Thread: [Mondrian] RE: Interest in aggregate tables and their utilization

  1. #1
    Julian Hyde Guest

    Default [Mondrian] RE: Interest in aggregate tables and their utilization

    Justin,

    I'm pleased that you are implementing aggregate tables for MySQL. There is
    definitely a huge need. Without some kind of materialization, any database
    can only answer a top-level ROLAP query by doing a full table scan. That
    effort tends to grow linearly with the data size, and MySQL runs out of
    stream fast.

    There are several difficult problems with aggregate tables:
    1. Choosing the right set of aggregate tables to instantiate;
    2. Generating the DDL for those aggregate tables;
    3. Initially populating them;
    4. Incrementally populating them;
    5. Formulating queries so that the aggregate tables are used.

    All of these problems are hard. The good news is that Mondrian's approach is
    complimentary to yours. We knew that MySQL's optimizer couldn't do #5 and
    was unlikely to do so in the near future, so we explicitly included the
    aggregate definitions in mondrian's schema and changed the SQL we generate.
    AggGen was a weak attempt at #1, #2 and #3, and you are doing an excellent
    job at #4 (also #3).

    Even better news, there is a superior tool for recommending and creating
    aggregate tables (#1, #2, #3). It is called Pentaho Aggregate Designer [ see
    http://ci.pentaho.com/view/Analysis/...designer-core/ and
    http://ci.pentaho.com/view/Analysis/job/PAD/ ].

    PAD is an aggregate table recommender, exposed via a user interface.
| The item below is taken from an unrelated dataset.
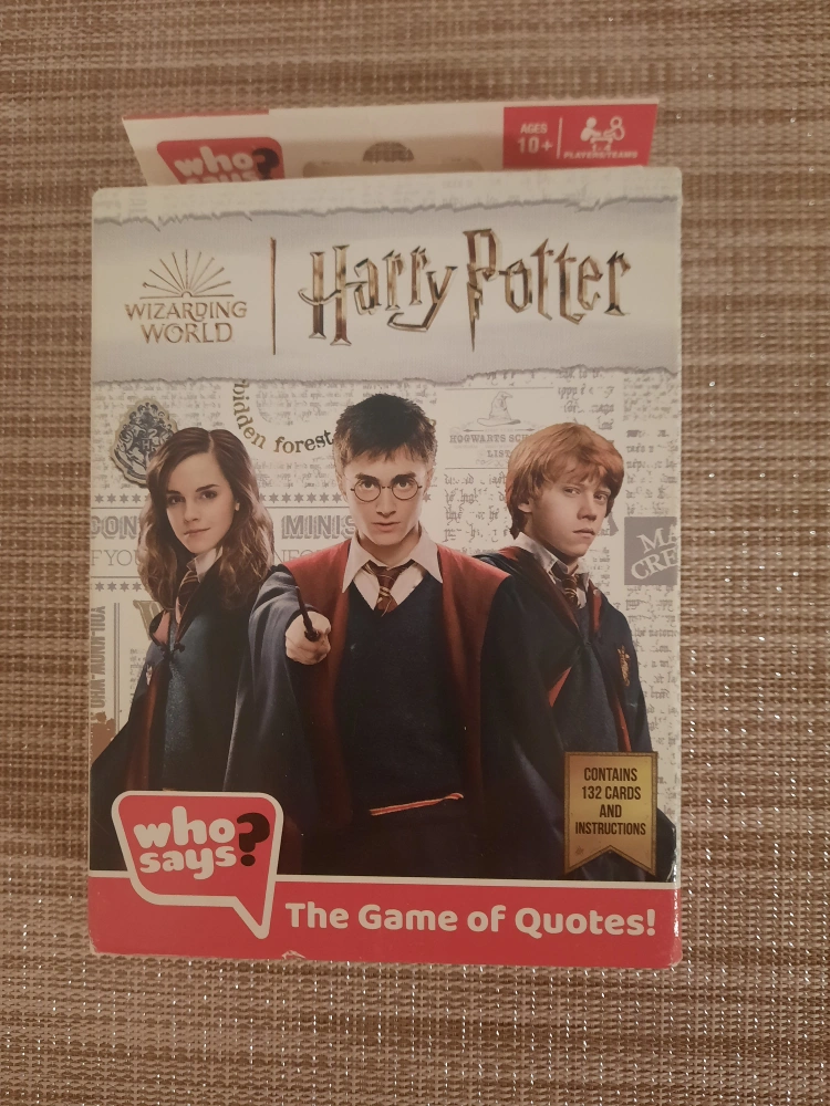 Selling a Harry Potter themed card game called 'Who Says? The Game of Quotes!' It is suitable for ages 10+ and for 2-8 players. Contains 132 cards and instructions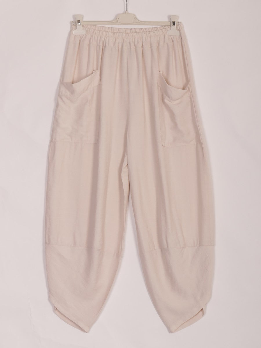 These beige Italian Relaxed Fit Harem Trousers combine comfort with sophisticated style. Designed with a relaxed silhouette and practical front pockets, they offer ease of movement and convenient storage. Crafted to provide a modern yet timeless look, these trousers are ideal for those seeking both functionality and elegance in their wardrobe.

The
    recommendation algorithm is inspired by "Implementing Data Cubes
    Efficiently" (Harinarayan, Rajaraman, and Ullman, 1995).
    http://ilpubs.stanford.edu:8090/102/, and I used a randomized algorithm to
    tame the beastly polynomial running time.
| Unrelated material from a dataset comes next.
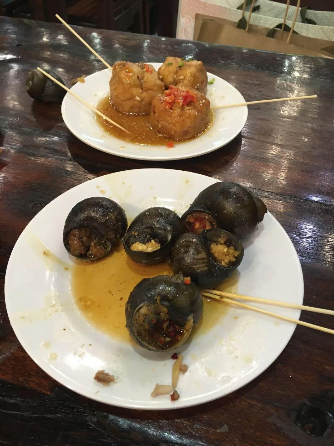 我们尝了桂林十八酿中的田螺酿和豆腐酿,总感觉臭臭的很难吃。

    The algorithm is pluggable. You can drop in a completely different
    algorithm, if you have the urge to write one, provided that it works on the
    same inputs and produces a set of aggregate tables. It tool is also
    extensible: you can write your own input plugin to read a schema, or output
    plugin to generate DDL. The algorithm can even run from the command line,
    and has been embedded inside a stored procedure in LucidDB.

    The algorithm works on a static analysis of the schema (structure of the
    star schema, observed cardinalities of rows and column values) but does not
    today take query patterns into account. Strictly speaking if you want to be
    driven purely by the actual queries, AggGen is a superior algorithm, because
    it generated the aggregates for precisely the queries the end-user entered.
    But PAD generates much better coverage.

    I suggest you take a look at the PAD source code and see whether it would be
    possible to write a plugin to generate stored procedure calls. Also download
    and run PAD; playing with the UI gives you an idea what it can do.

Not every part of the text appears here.